The Federal Circuit rejected these arguments, finding instead that this was “not a case involving a method of preparation or a new measurement technique.” CareDx, Inc. v. Natera, Inc., 40 F.4th 1371, 1377 (Fed. Cir. 2022). CareDx petitioned for en banc review, but the petition was denied.
CareDx filed a petition for writ of certiorari on May 1, 2023. arguing that the Supreme Court needed to take another Section 101 case and that this case presented a better vehicle for clarifying Section 101 than the two recommended by the Solicitor General. Urging the Supreme Court to bring Section 101 back to its statutory textual roots. it asserted that cases involving diagnostic methods “need” Supreme Court review. CareDx also distinguished Mayo on the basis that the Mayo claims preempted the entire field, whereas CareDx’s patents are directed to improvements upon prior known methods for distinguishing donor against recipient DNA fragments.
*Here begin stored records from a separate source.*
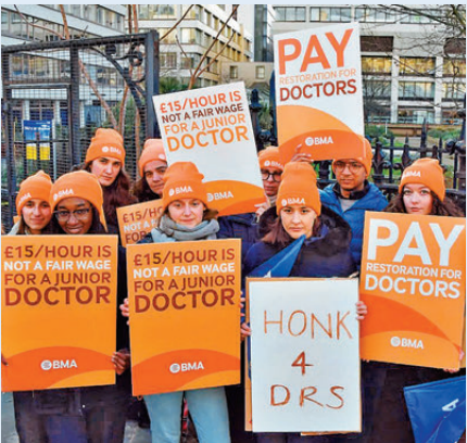
●英住院醫生今起罷工5天。網上圖片

香港文匯報訊 英國超級流感疫情席捲全國之際，英格蘭住院醫生周一（12月15日）表決通過在周三展開一連5日罷工行動，將是自2023年3月以來醫護人員的第14次罷工，首相斯塔默直斥此舉不負責任，指醫生已失去公眾和國家醫療服務（NHS）同僚的同情。
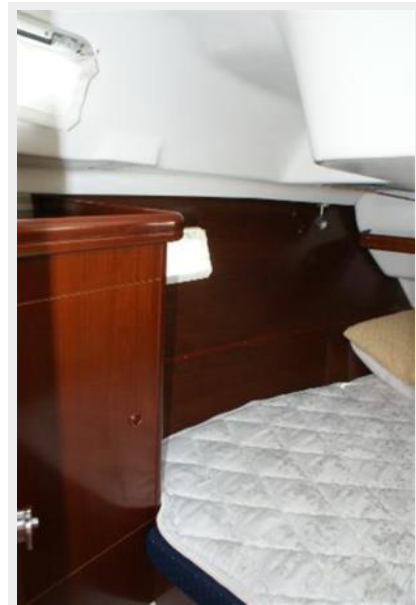
2004 Beneteau 361 Aft Cabin
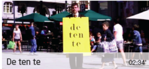
De ten te

Natera and Eurofins filed separate responses. Both emphasized that Mayo controls and that this dispute is a straightforward application of Mayo. They argued that the claims at issue are “indistinguishable from other diagnostic method claims the Supreme Court found ineligible in Mayo.” See Natera Br., CareDx Inc., et al. v Natera, Inc., et al., 2022-1027, 2022-1028 (Feb. 17, 2022) at 17.
The respondents further contended that there is no reason to revisit Mayo, given that this case would be a “poor vehicle for revisiting” the law. The argument, in part, was that the patents at issue do not claim an “improvement” to existing methods and the policy concerns regarding medical diagnostic patents are not implicated. Both respondents also pointed to the fact that the Federal Circuit issued no dissents and en banc review was denied. Natera suggested that “close[r]” Section 101 cases would be better vehicles, for example, the split Circuit decision in Athena Diagnostics, Inc. v. Mayo Collaborative Services, LLC, 927 F.3d 1333 (Fed. Cir. 2019), which had eight separate opinions in connection to en banc denial, and Ariosa Diagnostics, Inc. v. Sequenom, Inc., 809 F.3d 1282 (Fed. Cir. 2015), which spawned three separate opinions.
While consistent with its prior decisions, the Federal Circuit found that the method at issue in CareDx was “not a case involving a method of preparation or a new measurement technique.” This seems to suggest, as noted above, that claims drafted as methods of preparing samples or methods of treatment are more likely to constitute a patent-eligible diagnostic method rather than a law of nature.
In sum, for practitioners trying to read the Section 101 tea leaves, the Supreme Court’s denial of certiorari leaves little changed in the state of patent eligibility law for diagnostic methods.